• BRIEF: Using the data below, set down every line from the one containing "4、从占全市投资比重看,由高" through the one containing "A web of twisted", inclusive and unchanged. Pictures are to be skipped.

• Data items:
>>>

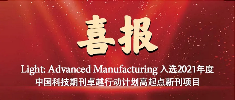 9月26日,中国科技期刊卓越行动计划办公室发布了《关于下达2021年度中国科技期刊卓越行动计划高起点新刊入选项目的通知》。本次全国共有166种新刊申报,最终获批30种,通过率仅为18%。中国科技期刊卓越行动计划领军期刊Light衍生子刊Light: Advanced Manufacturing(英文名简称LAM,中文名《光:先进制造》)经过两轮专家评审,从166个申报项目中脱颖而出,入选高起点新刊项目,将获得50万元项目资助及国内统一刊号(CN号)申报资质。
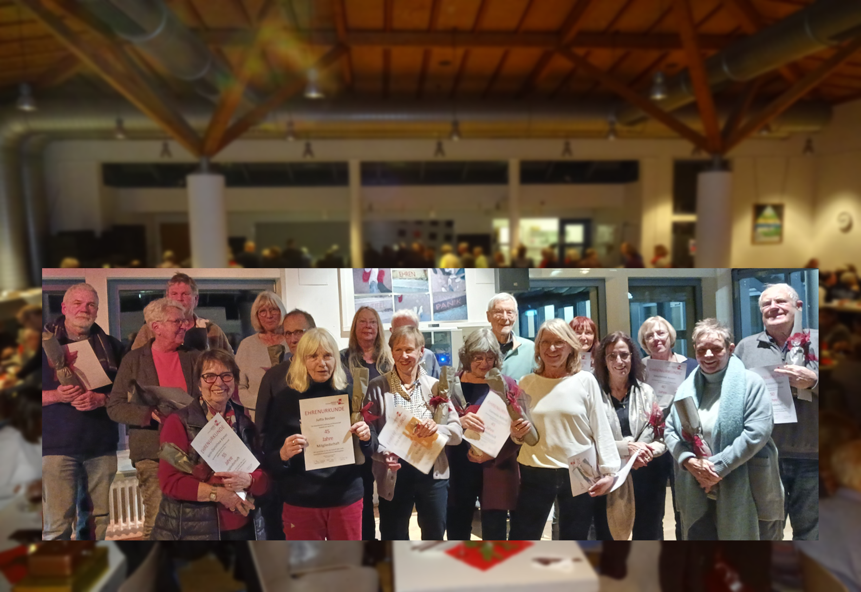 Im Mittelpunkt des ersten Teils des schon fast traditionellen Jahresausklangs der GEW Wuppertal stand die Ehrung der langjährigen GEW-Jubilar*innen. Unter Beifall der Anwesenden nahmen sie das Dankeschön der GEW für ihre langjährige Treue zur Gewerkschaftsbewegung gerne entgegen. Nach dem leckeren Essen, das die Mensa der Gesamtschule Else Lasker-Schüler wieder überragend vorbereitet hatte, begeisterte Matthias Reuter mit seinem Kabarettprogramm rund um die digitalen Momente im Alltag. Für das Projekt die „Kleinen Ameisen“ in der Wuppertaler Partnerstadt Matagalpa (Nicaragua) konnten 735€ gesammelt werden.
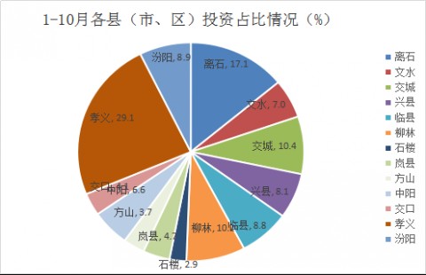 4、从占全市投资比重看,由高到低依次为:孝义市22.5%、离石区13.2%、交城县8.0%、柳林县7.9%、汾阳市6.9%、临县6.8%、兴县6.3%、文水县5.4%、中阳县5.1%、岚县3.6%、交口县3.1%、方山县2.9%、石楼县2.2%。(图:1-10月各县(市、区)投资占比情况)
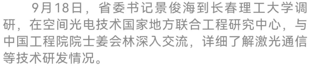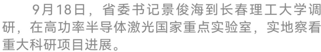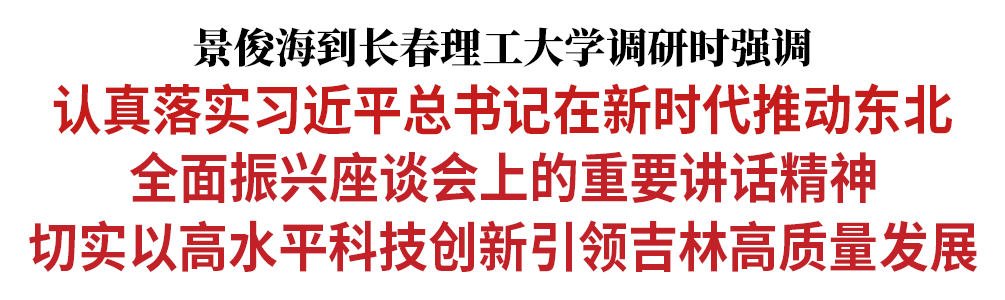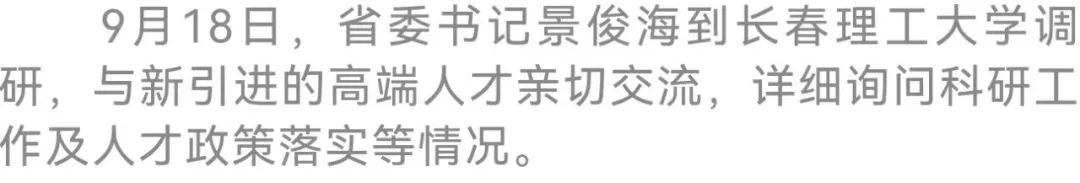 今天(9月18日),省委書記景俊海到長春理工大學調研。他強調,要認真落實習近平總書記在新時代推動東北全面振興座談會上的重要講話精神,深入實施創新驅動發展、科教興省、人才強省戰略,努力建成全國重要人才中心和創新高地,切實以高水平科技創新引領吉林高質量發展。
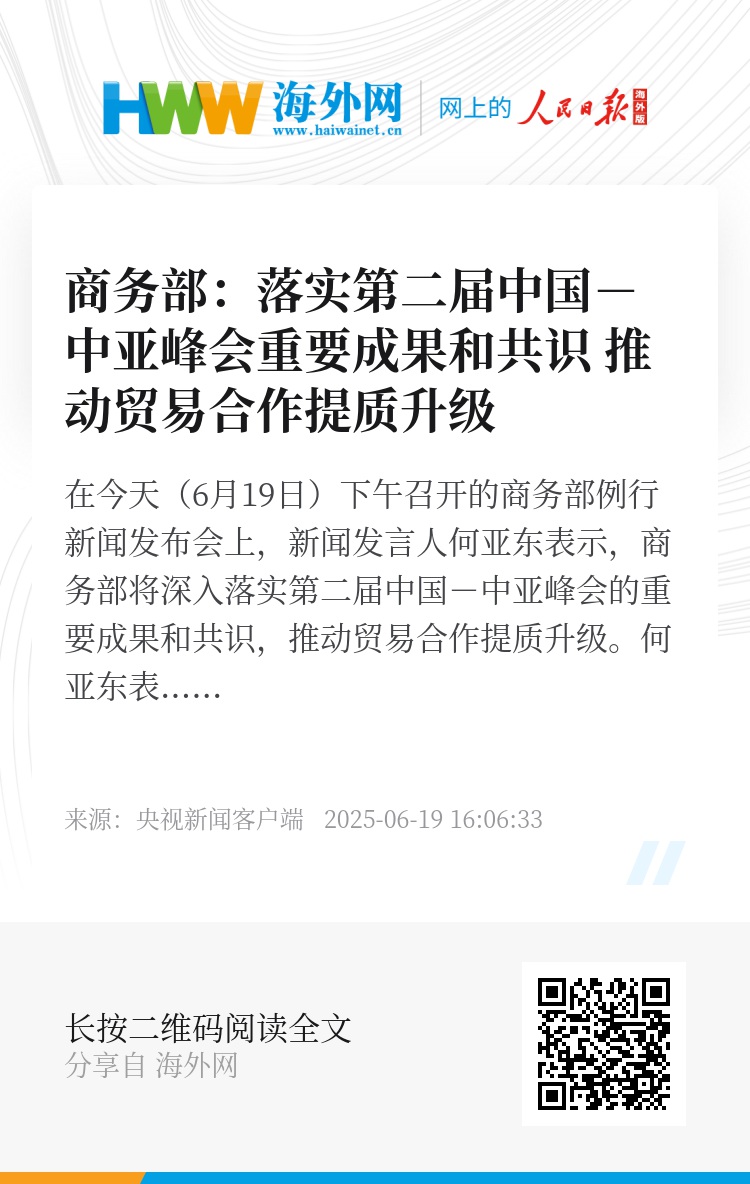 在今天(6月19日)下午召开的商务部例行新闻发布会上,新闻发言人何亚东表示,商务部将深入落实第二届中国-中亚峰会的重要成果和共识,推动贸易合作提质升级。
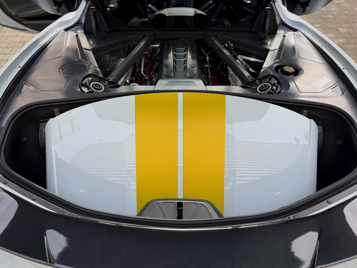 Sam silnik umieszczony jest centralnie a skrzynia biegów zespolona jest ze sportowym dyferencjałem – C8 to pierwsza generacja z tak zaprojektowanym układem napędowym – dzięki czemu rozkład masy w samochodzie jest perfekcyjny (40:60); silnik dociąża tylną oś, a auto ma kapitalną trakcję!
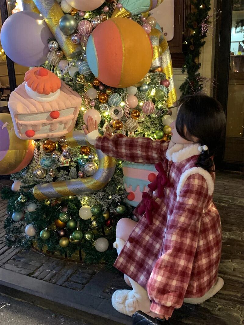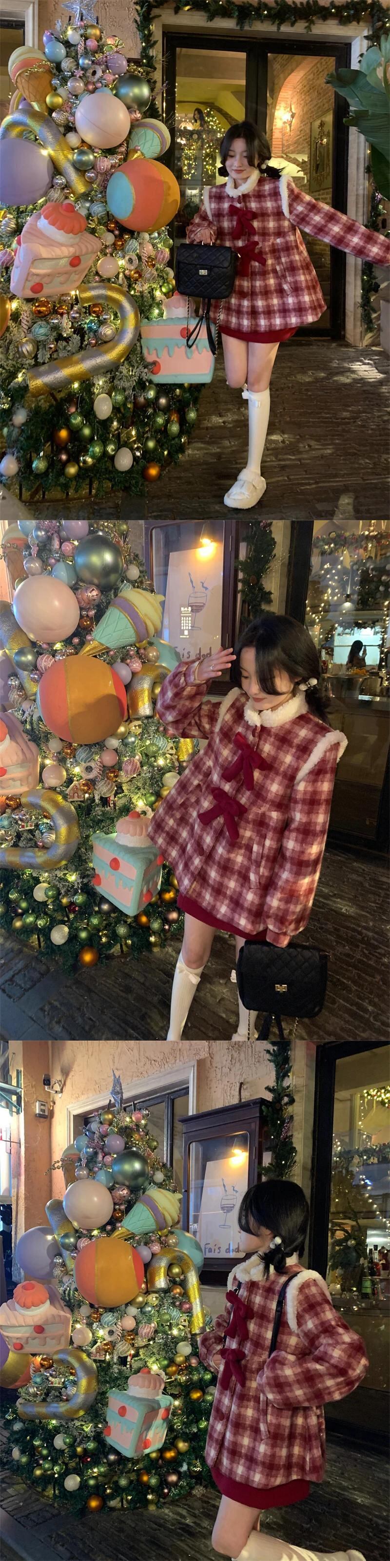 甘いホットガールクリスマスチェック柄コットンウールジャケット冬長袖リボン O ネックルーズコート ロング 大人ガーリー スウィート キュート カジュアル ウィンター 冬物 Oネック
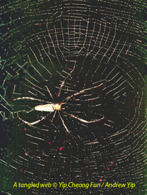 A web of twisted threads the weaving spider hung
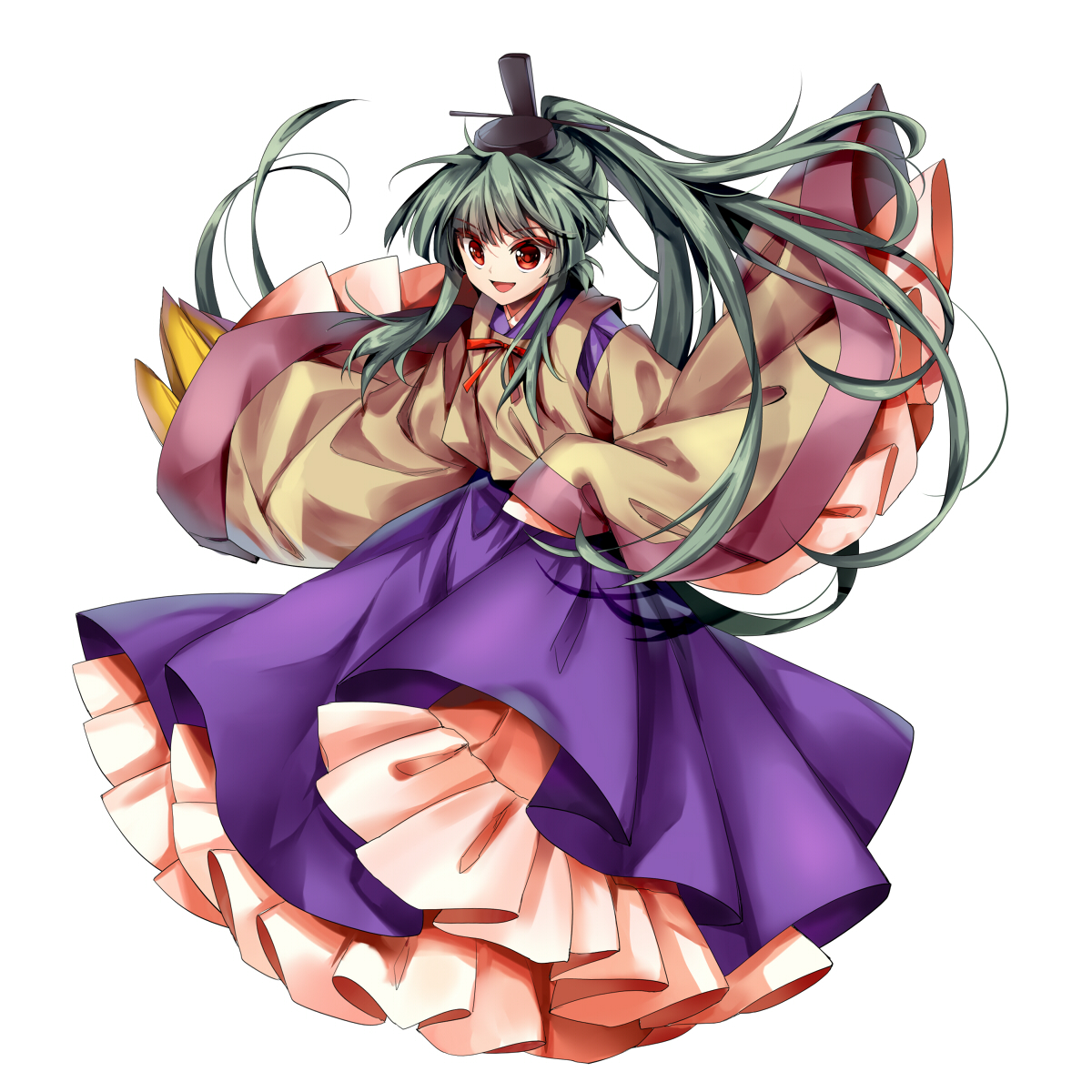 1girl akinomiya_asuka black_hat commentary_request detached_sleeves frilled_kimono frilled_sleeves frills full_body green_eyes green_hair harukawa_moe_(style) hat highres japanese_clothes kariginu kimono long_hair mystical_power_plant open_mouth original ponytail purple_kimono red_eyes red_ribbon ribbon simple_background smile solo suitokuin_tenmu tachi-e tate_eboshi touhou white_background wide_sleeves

<<<

• EXPECTED ANSWER:
 4、从占全市投资比重看,由高到低依次为:孝义市22.5%、离石区13.2%、交城县8.0%、柳林县7.9%、汾阳市6.9%、临县6.8%、兴县6.3%、文水县5.4%、中阳县5.1%、岚县3.6%、交口县3.1%、方山县2.9%、石楼县2.2%。(图:1-10月各县(市、区)投资占比情况)
 今天(9月18日),省委書記景俊海到長春理工大學調研。他強調,要認真落實習近平總書記在新時代推動東北全面振興座談會上的重要講話精神,深入實施創新驅動發展、科教興省、人才強省戰略,努力建成全國重要人才中心和創新高地,切實以高水平科技創新引領吉林高質量發展。
 在今天(6月19日)下午召开的商务部例行新闻发布会上,新闻发言人何亚东表示,商务部将深入落实第二届中国-中亚峰会的重要成果和共识,推动贸易合作提质升级。
 Sam silnik umieszczony jest centralnie a skrzynia biegów zespolona jest ze sportowym dyferencjałem – C8 to pierwsza generacja z tak zaprojektowanym układem napędowym – dzięki czemu rozkład masy w samochodzie jest perfekcyjny (40:60); silnik dociąża tylną oś, a auto ma kapitalną trakcję!
 甘いホットガールクリスマスチェック柄コットンウールジャケット冬長袖リボン O ネックルーズコート ロング 大人ガーリー スウィート キュート カジュアル ウィンター 冬物 Oネック
 A web of twisted threads the weaving spider hung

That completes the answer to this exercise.